Any help would be appreciated. Thanks in advance.

GSQ
  • 37
  • 5
  • Do you care for overlapping? For example: do you allow substrings: `(1,200)` and `(2,201)` to be included into the same selection? – thanasisp Dec 19 '20 at 20:52
  • Some details, please. [A] Do you want just 2 million chars (10000 samples x 200) in a single file, no separation? Or some separate files or other organisation? [B] Do you need options for the 10000 and the 200 values, or just for the input filename? I have the tested script (60 lines of bash/awk) but need to take out some debug and comment it a little. – Paul_Pedant Dec 19 '20 at 23:35
  • @Paul_Pedant thank you. A) Yes just a file is ok, I have this script that cuts in 200 characters, adds a ">" and a number to each chunk: cat file_with_random_200chars.txt | tr -d '\n' | dd cbs=200 conv=unblock | nl -n ln | tr '\t' '\n' | paste -d '>\n' /dev/null - - > output_file_with_numbers.txt. But if you have a better/simpler way, that would be great B) I dont understand what do you mean by "options"? I will like to provide an input file and from there, the random 200 extraction without replacement.
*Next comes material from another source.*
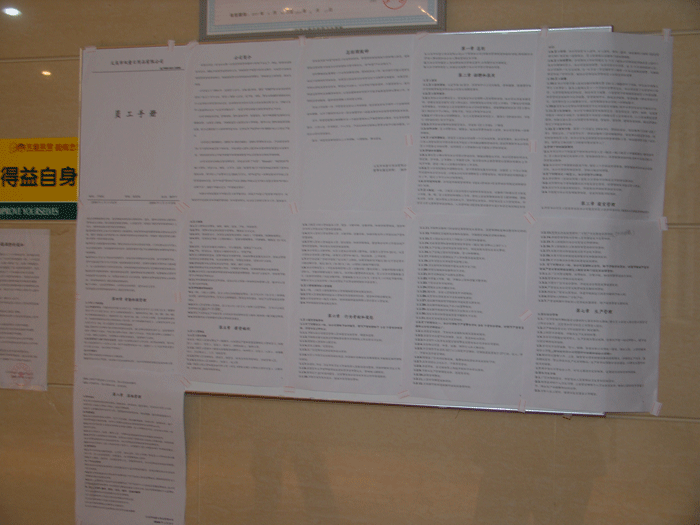 這是繼2007年12月29日下午工會(huì)代表和職工代表關(guān)于討論《員工手冊(cè)》條款的第二次會(huì)議,《員工手冊(cè)》的草稿經(jīng)過(guò)12月30日至1月2日4天時(shí)間在宣傳欄內(nèi)公布張貼,讓全體員工參與了《員工手冊(cè)》的充分討論,按照工會(huì)代表和職工代表的意見(jiàn)進(jìn)行修改完善。本《員工手冊(cè)》的出臺(tái)充分發(fā)揮了工會(huì)組織的作用,也讓職工代表們完全體會(huì)到每位員工都享有參與公司制定文件的權(quán)力。

Could you clarify a bit more your second question? :) Thank you Paul – GSQ Dec 20 '20 at 04:16
  • Options in the sense that the script could accept arguments for alternative values for the specific 10000 and 200. I'm concerned you are dealing with \n after the selection of the 200-byte samples -- that is going to realign the boundaries of the samples and the last sample will be short. – Paul_Pedant Dec 20 '20 at 10:36
  • You also had a header line at some point in the past that had to be excluded. Is that still present? – Paul_Pedant Dec 20 '20 at 10:42
  • @Paul_Pedant Oh I see, I guess it would be good to have the option to compare differente size (10,000 or other number) but the 200 will always remain the same. The header is now exluded.:) – GSQ Dec 20 '20 at 13:49
  • Dear @Paul_Pedant, Im so sorry I think overlapping is not that bad. It is okay if they overlap – GSQ Dec 20 '20 at 17:27
  • @thanasisp, I was thinking about it and its not terrible if they overlap – GSQ Dec 20 '20 at 17:30
  • @GSQ No problem. It is an interesting design problem for me, but I'm wondering if it is specialist enough that we should take it offline, or into chat. Efficiently finding a random selection of whole lines in a huge file, and a random substring of those lines, no overlaps, without a pre-process of the whole file? Really cool! That 5-command pipeline can all be done in the same awk process too. – Paul_Pedant Dec 20 '20 at 19:03
  • Sure! let me know! @Paul_Pedant. I would really appreciate any help – GSQ Dec 20 '20 at 19:22
  • @Paul_Pedant, just in case I added how the input file would look like – GSQ Dec 20 '20 at 19:31

2 Answers2

0

EDIT: I will add another answer with an implementation (which may need modification). This current answer is partly superseded, and I will probably want to delete it soon. Or perhaps update it, as a design note for the actual implementation.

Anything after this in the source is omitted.